* **THE DATA**
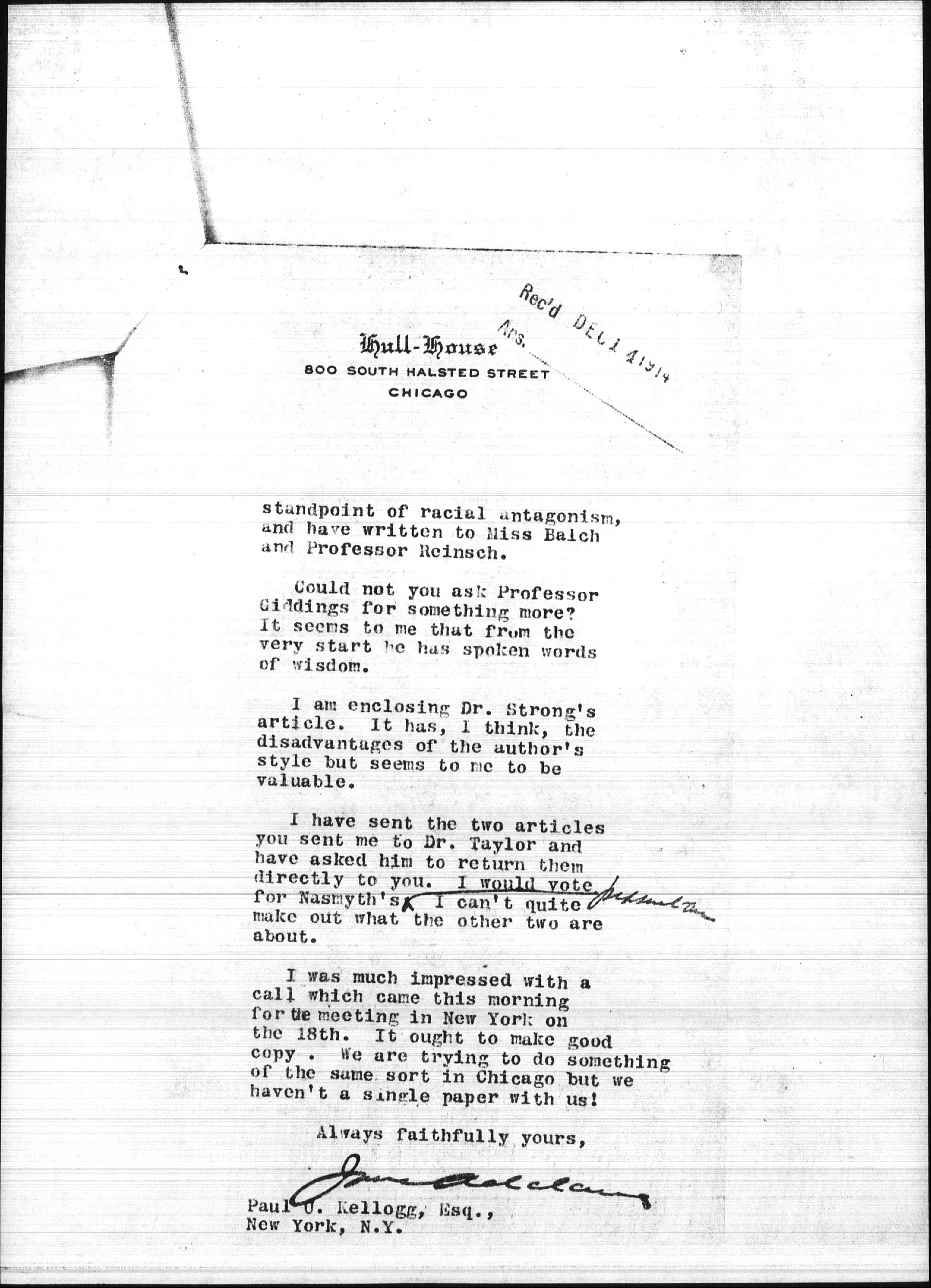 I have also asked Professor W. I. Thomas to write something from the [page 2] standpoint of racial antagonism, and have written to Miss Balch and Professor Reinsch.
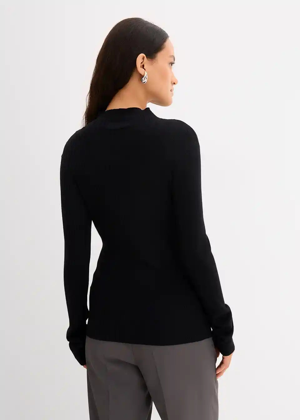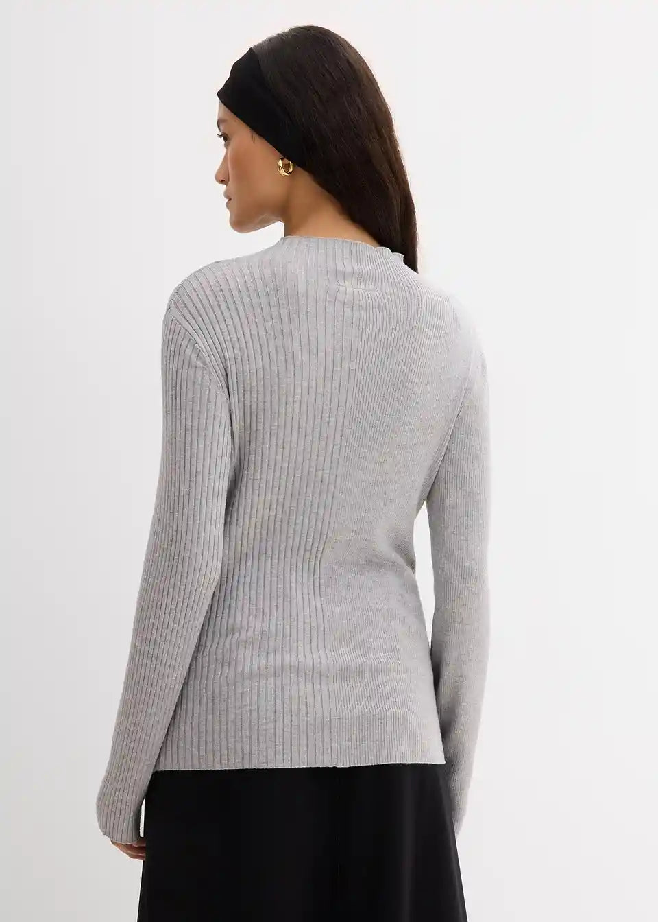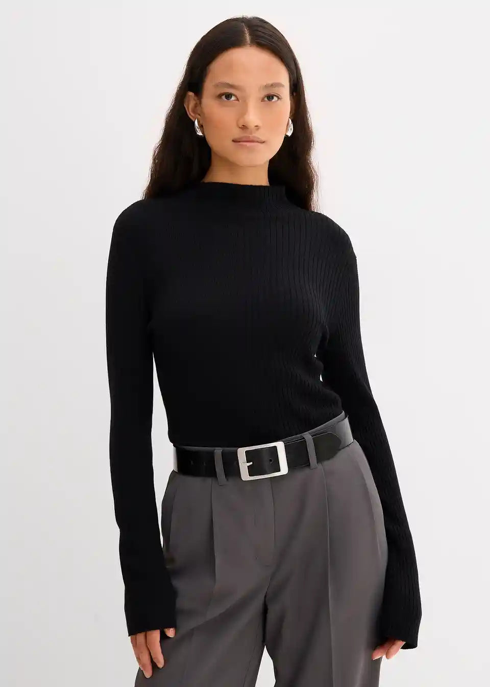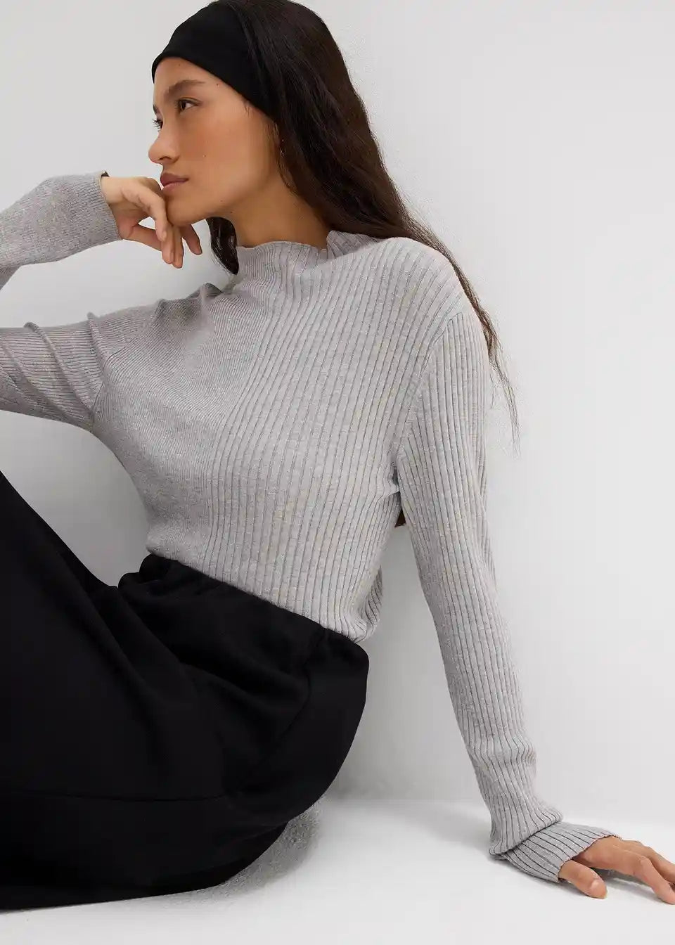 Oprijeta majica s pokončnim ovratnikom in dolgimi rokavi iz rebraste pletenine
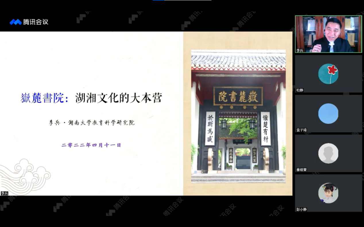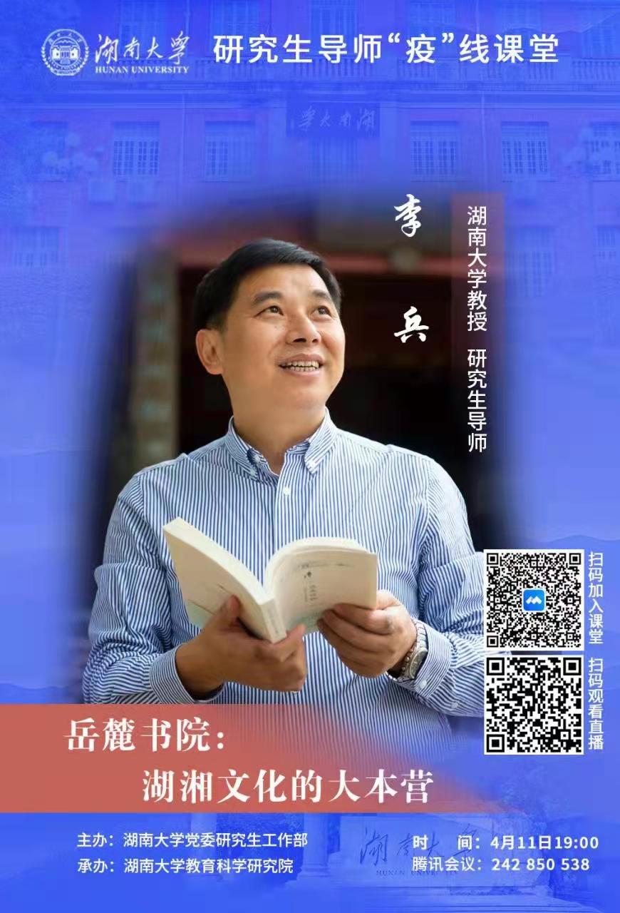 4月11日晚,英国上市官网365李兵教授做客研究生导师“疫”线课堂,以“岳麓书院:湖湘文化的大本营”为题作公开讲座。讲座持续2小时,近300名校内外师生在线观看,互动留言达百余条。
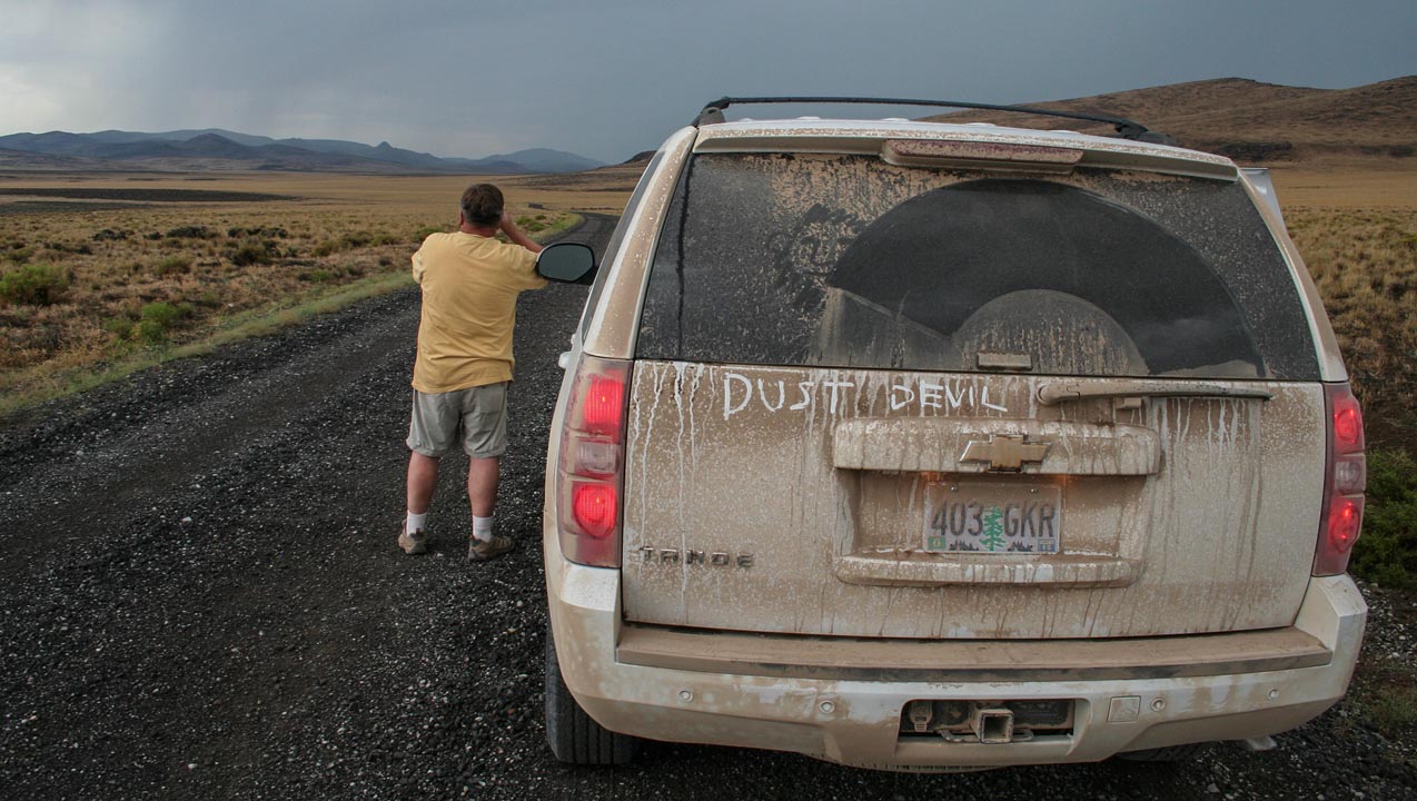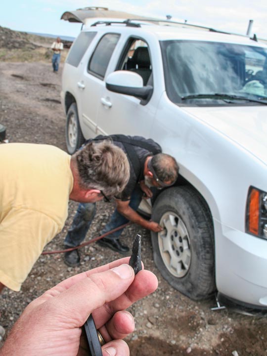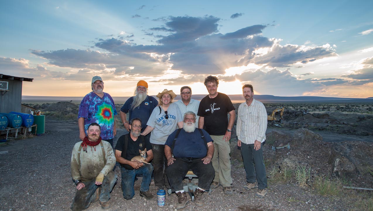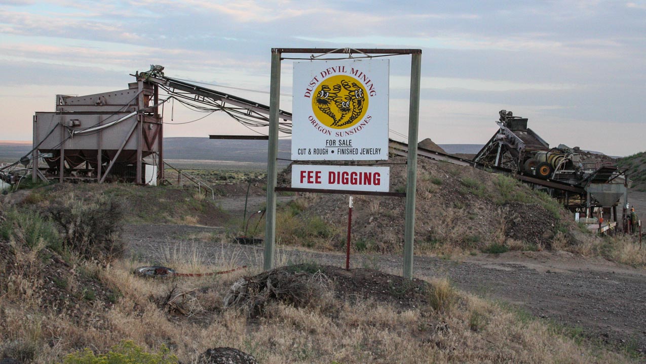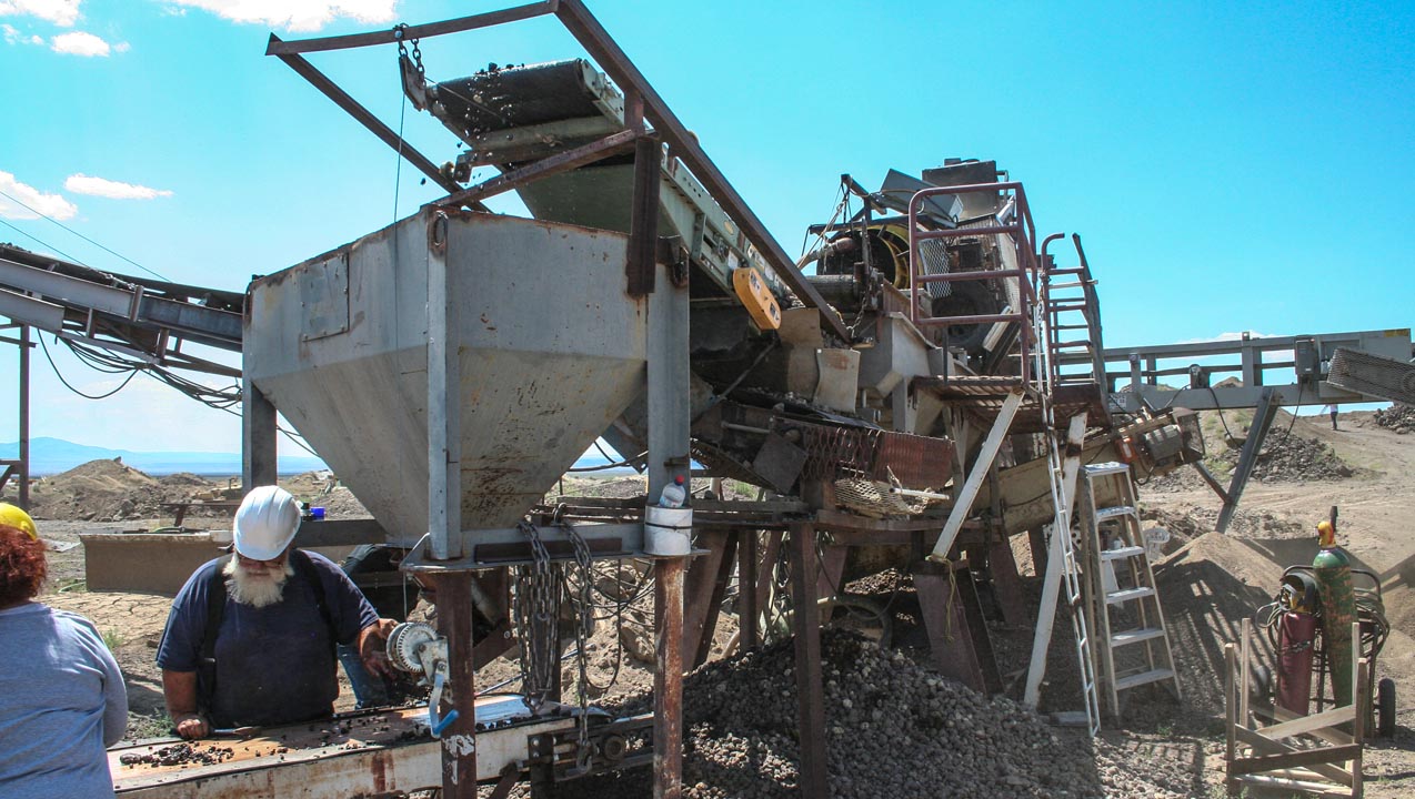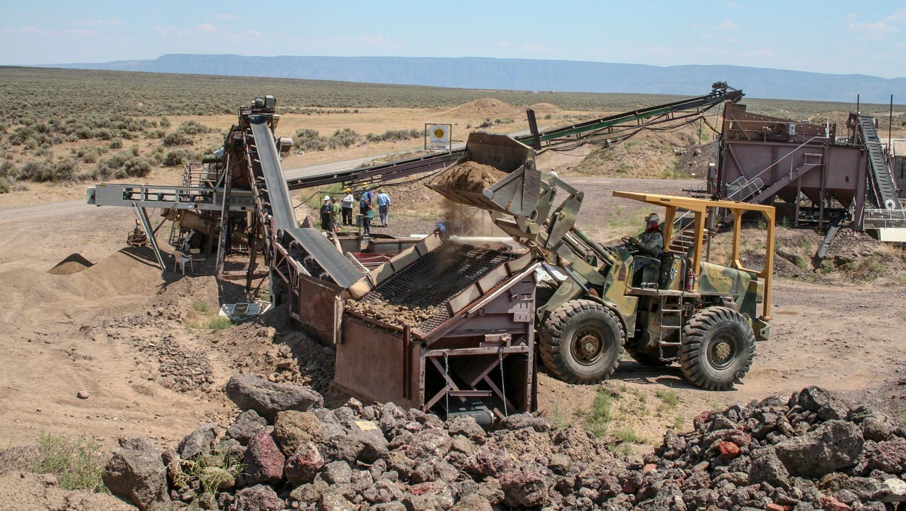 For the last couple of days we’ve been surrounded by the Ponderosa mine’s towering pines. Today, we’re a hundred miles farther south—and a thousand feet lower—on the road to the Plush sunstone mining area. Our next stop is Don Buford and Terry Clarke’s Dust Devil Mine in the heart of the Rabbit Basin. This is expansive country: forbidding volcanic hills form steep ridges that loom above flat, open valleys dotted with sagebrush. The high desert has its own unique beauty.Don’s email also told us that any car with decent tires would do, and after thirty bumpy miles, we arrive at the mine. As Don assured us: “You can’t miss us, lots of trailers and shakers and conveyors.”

* **EXERCISE**
Nothing should appear in the answer except the lines from the one containing "4月11日晚,英国上市官网3" through the last line of the listing, given again exactly and with no pictures.

* **RESPONSE TO THE TASK**
 4月11日晚,英国上市官网365李兵教授做客研究生导师“疫”线课堂,以“岳麓书院:湖湘文化的大本营”为题作公开讲座。讲座持续2小时,近300名校内外师生在线观看,互动留言达百余条。
 For the last couple of days we’ve been surrounded by the Ponderosa mine’s towering pines. Today, we’re a hundred miles farther south—and a thousand feet lower—on the road to the Plush sunstone mining area. Our next stop is Don Buford and Terry Clarke’s Dust Devil Mine in the heart of the Rabbit Basin. This is expansive country: forbidding volcanic hills form steep ridges that loom above flat, open valleys dotted with sagebrush. The high desert has its own unique beauty.Don’s email also told us that any car with decent tires would do, and after thirty bumpy miles, we arrive at the mine. As Don assured us: “You can’t miss us, lots of trailers and shakers and conveyors.”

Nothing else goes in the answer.